--- Input for this task ---

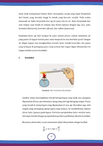 zat tanpa disertai dengan perpindahan partikel-partikelnya disebut konduksi.
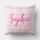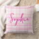 Cute personalized throw pillow with a soft pink plaid background and custom name in stylish script. Perfect for girly bedrooms, dorm rooms, and aesthetic home decor.
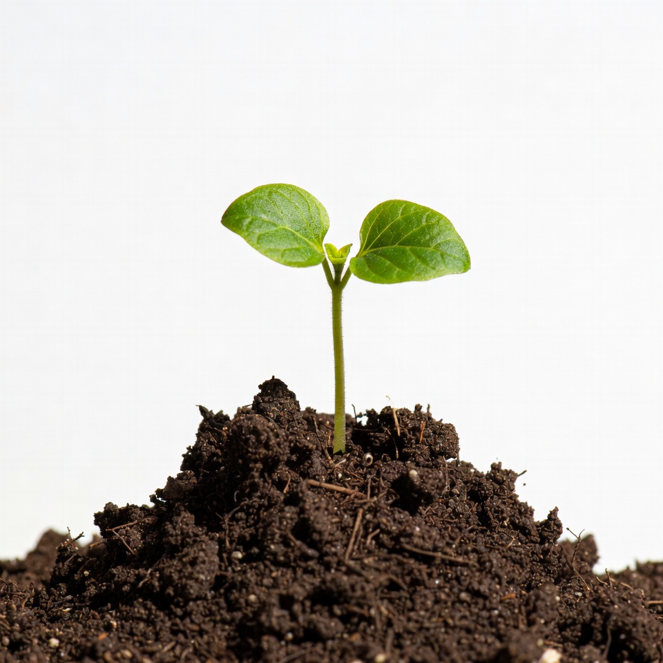A small plant is emerging from dark soil. The leaves are bright and fresh, showing growth in a simple environment.
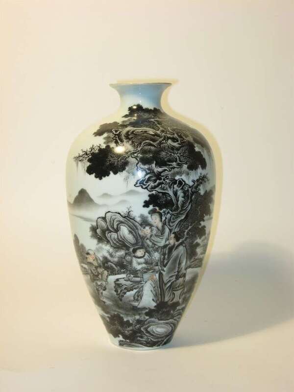 Of tapering ovoid form with flared rim; well-detailed black and polychrome decoration depicts classical scene of scholar and family in natural setting; inscription verso.
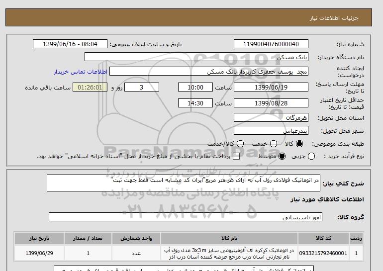 استعلام در اتوماتیک فولادی رول آب به ازای هر متر مربع"ایران کد مشابه است فقط جهت ثبت", استعلام در اتوماتیک فولادی رول آب به ازای هر متر مربع"ایران کد مشابه است فقط جهت ثبت"
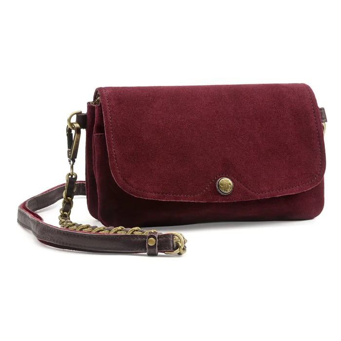 The ODILE bag from the brand Mila Louise combines elegance and practicality in a classic design. Its burgundy suede finish brings a stylish twist, while the gold button closure on the flap adds a touch of sophistication. The bag is worn indifferently on the shoulder thanks to its adjustable brown leather shoulder strap with clasp and braided chain details. The polyester interior offers secure and organized storage, ideal for office, outings or everyday use. The contrasting overlocks elegantly highlight the external seams, thus reinforcing the quality of the construction. This model combines stylish accessory and functionality for a perfectly controlled fit. -
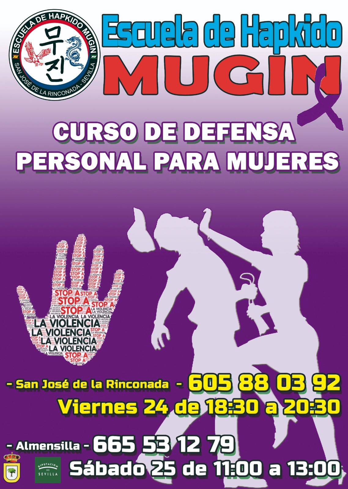 El próximo sábado 25 de noviembre se impartirá en la Escuela de Hapkido de Almensilla, en horario de 11:00 a 13:00, un seminario de DEFENSA PERSONAL FEMENINA totalmente gratis, con motivo del Día Internacional contra la violencia de género. Tendremos una introducción, pinceladas y conceptos básicos enfocados a la defensa personal.
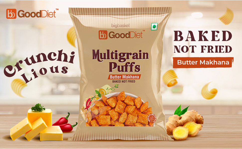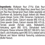 Multi-Grain Flour (71%) (oats Flour, Bajra Flour, Jowar Flour, Corn Grit, Rice Flour, Bengal Gram Flour), Edible Vegetable Oil (sunflower Oil), Seasoning (sugar, Edible Common Salt, Garlic, Onion Powder, Spice & Condiments (ginger, Cumin, Chilli), Dehydrated Herb, Flavour Enhancer (ins 627 , Ins 631) And Anticaking Agent) & Edible Common Salt. Alergen Declaration: Contains Milk Solid. Packed In A Facility Which Handles Wheat, Soya & Nuts. Contains Added Flavours. (Nature Identical Flavouring Substances (butter)).
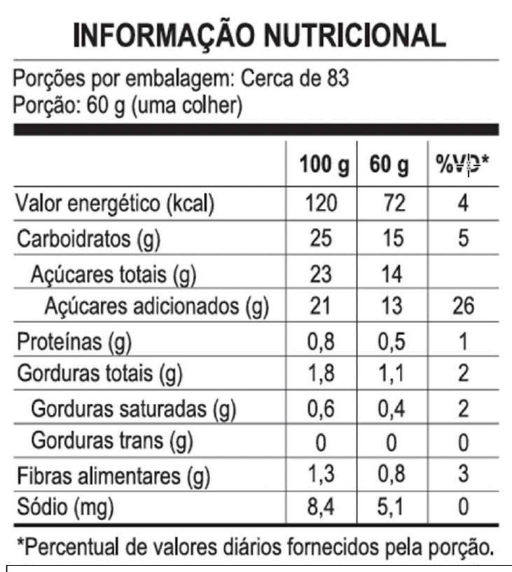 Pulpa de Açaí orgânico 85%, azúcar moreno demedara orgânico, espesante, goma guar (INS 4112) ,goma xantana (INS 416), carboximetilcelulosa sodica (INS466).
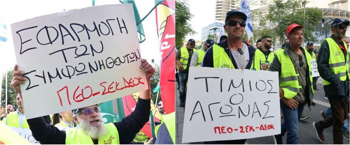 Οι απεργοί, οι οποίοι απέρριψαν σε γενική συνέλευση στη Λεμεσό την μεσολαβητική πρόταση του Υπουργού χθες, μετέφεραν στη Λευκωσία τον αγώνα τους και πορεύθηκαν το πρωί από την Πλατεία Ελευθερίας στο Υπουργείο. Οι επικεφαλής της ΠΕΟ, της ΣΕΚ και της ΔΕΟΚ στον οικοδομικό κλάδο και εκπρόσωποι των απεργών από όλες τις πόλεις συναντήθηκαν με τον Υπουργό στο γραφείο του και επέδωσαν ψήφισμα.
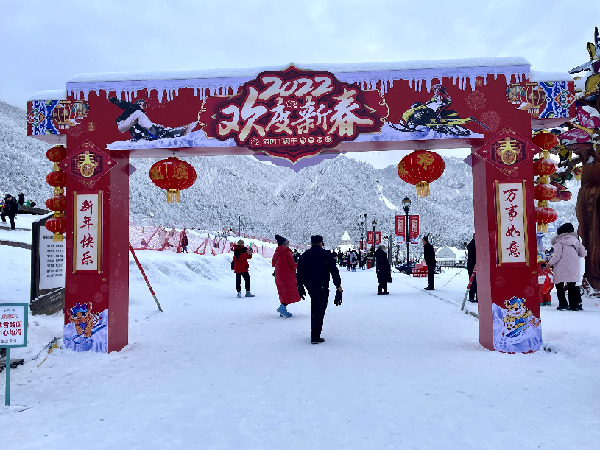 西嶺雪山滑雪場的虎年新春布景(2月4日攝)。
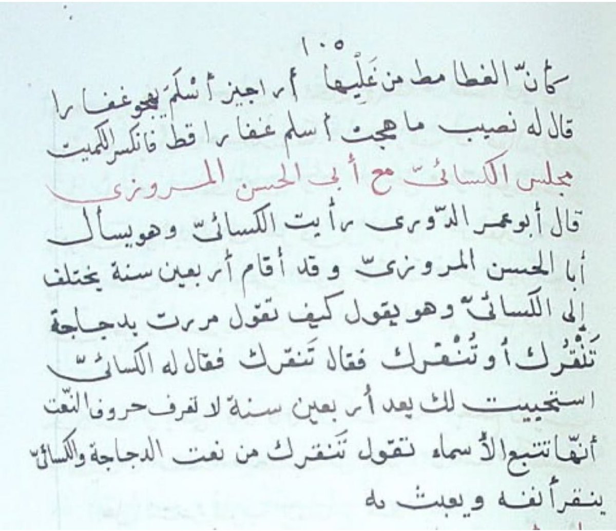 صواب الضبط: تنقرِك، بكسر الراء، هذه إجابة المروزي، ويبدو أن الكسائي نصب له فخا في السؤال فوقع فيه متوهما أن تنقرك نعت للدجاجة وغفل عن أنها فعل، ولذا قرّعه الكسائي وسخر منه.
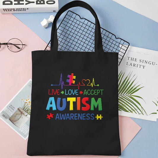 Woman Canvas Tote Bags Live Love Accept Autism Awareness Large Capacity Handbag Fashion Daily Reusable Shoulder Shopping Bag

---

Assigned task: Reproduce the lines above beginning at the line that contains "A small plant" and ending at the line that contains "The ODILE bag". No pictures.

Your response:
A small plant is emerging from dark soil. The leaves are bright and fresh, showing growth in a simple environment.
 Of tapering ovoid form with flared rim; well-detailed black and polychrome decoration depicts classical scene of scholar and family in natural setting; inscription verso.
 استعلام در اتوماتیک فولادی رول آب به ازای هر متر مربع"ایران کد مشابه است فقط جهت ثبت", استعلام در اتوماتیک فولادی رول آب به ازای هر متر مربع"ایران کد مشابه است فقط جهت ثبت"
 The ODILE bag from the brand Mila Louise combines elegance and practicality in a classic design. Its burgundy suede finish brings a stylish twist, while the gold button closure on the flap adds a touch of sophistication. The bag is worn indifferently on the shoulder thanks to its adjustable brown leather shoulder strap with clasp and braided chain details. The polyester interior offers secure and organized storage, ideal for office, outings or everyday use. The contrasting overlocks elegantly highlight the external seams, thus reinforcing the quality of the construction. This model combines stylish accessory and functionality for a perfectly controlled fit. -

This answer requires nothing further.